> [Material provided]
+++

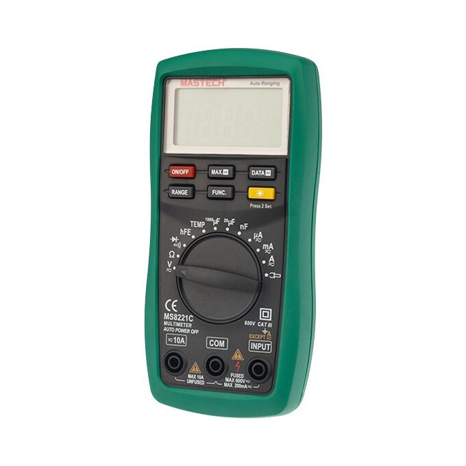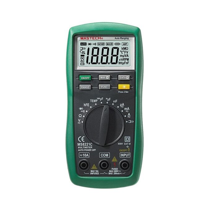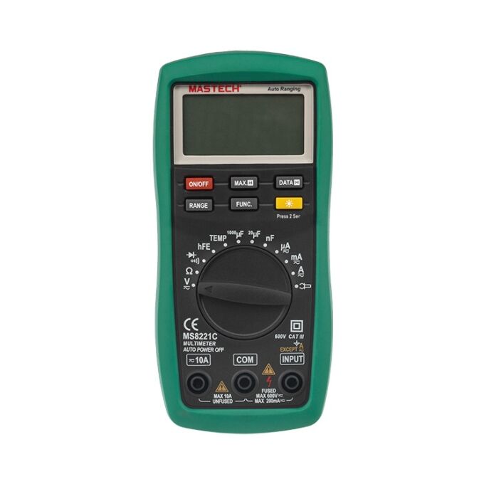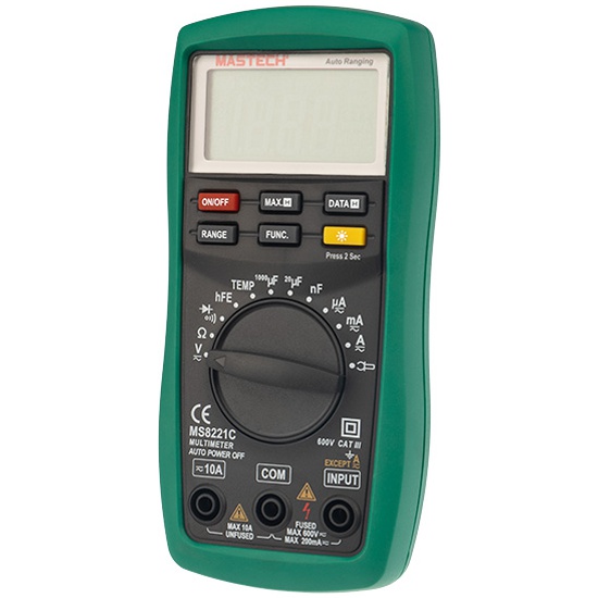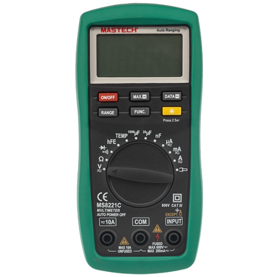 Дополнительные функции:автоматическое отключение питания, фиксация показаний дисплея (HOLD), индикация разряда батареи, тест диодов, прозвонка целостности цепи
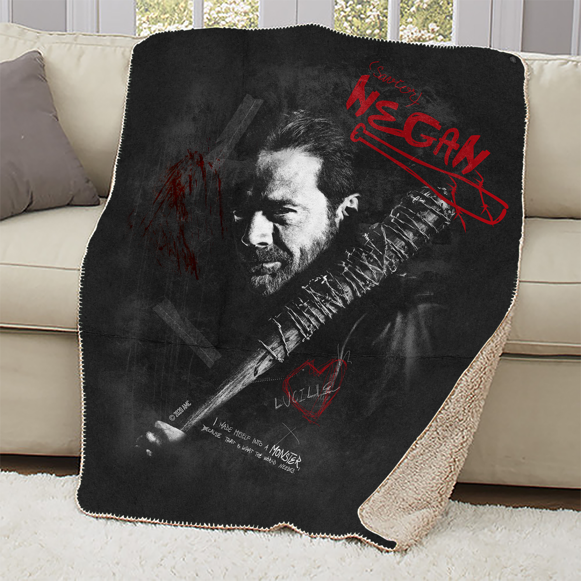 Cozy, comfy, and wickedly soft, this The Walking Dead Negan Graffiti Sherpa Blanket makes your marathons of The Walking Dead that much better. This sherpa blanket also makes a great housewarming gift to the biggest fans of Negan and The Walking Dead.
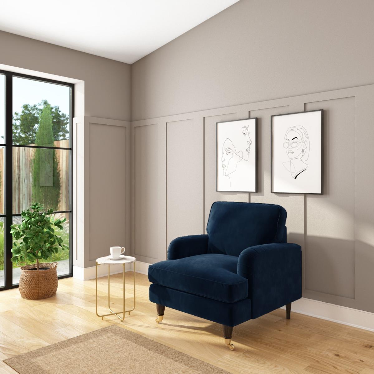 I love this navy blue velvet armchair for its rich colour and luxurious texture, which adds depth and elegance to any space. It works particularly well in classic or contemporary interiors, creating a statement piece that oozes sophistication. For styling, consider pairing it with soft textiles like a cosy throw or patterned cushions to soften the look, or integrate it into a tonal scheme with other navy or grey accents. Practical tips include placing it near a window for natural light to enhance the velvet's depth, and pairing it with a small side table for functionality. It’s versatile enough for living rooms, reading nooks, or even a bedroom corner, making it a timeless addition to various interiors.
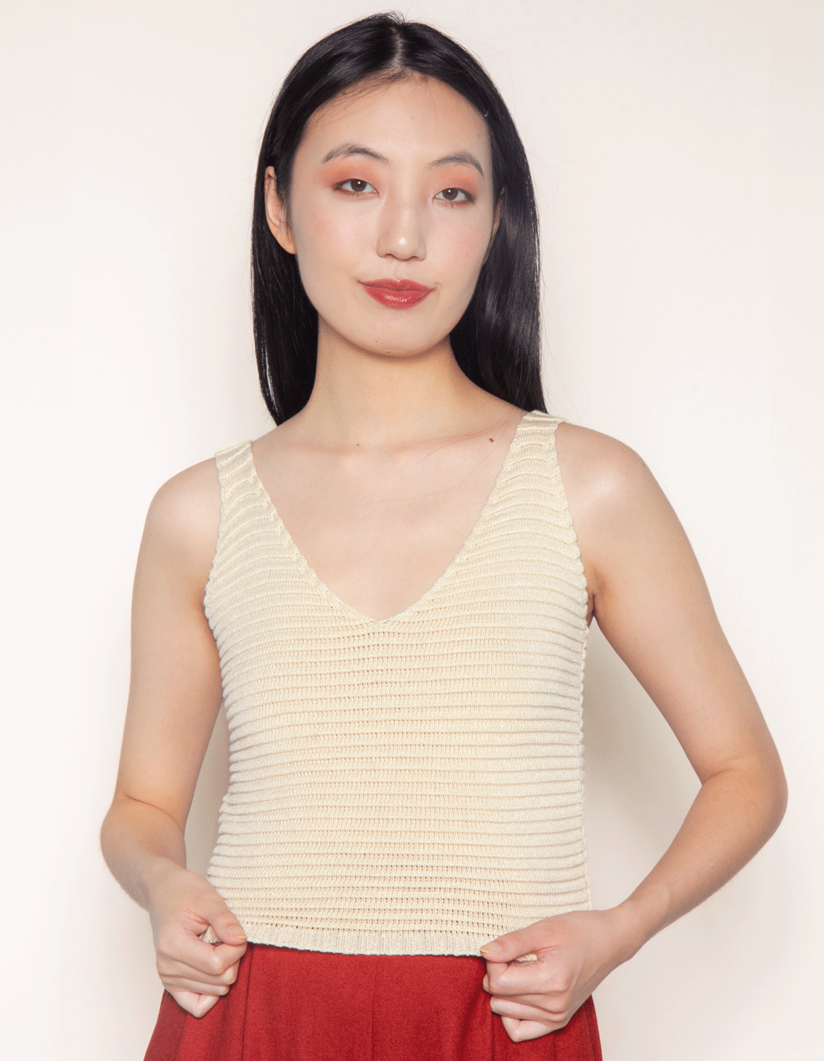 Blusa cropped tricot nervuras com alça média e decote v. minimalista e elegante, é perfeita para todas as ocasiões, possui ótimo caimento, permite diversos acessórios e combina tanto com complementos neutros, quanto estampados.

+++

> [What you need to do] Return only the lines from the start of the data through the line that contains "Cozy, comfy, and", please, copying them exactly and omitting all pictures.

> [Response below]
 Дополнительные функции:автоматическое отключение питания, фиксация показаний дисплея (HOLD), индикация разряда батареи, тест диодов, прозвонка целостности цепи
 Cozy, comfy, and wickedly soft, this The Walking Dead Negan Graffiti Sherpa Blanket makes your marathons of The Walking Dead that much better. This sherpa blanket also makes a great housewarming gift to the biggest fans of Negan and The Walking Dead.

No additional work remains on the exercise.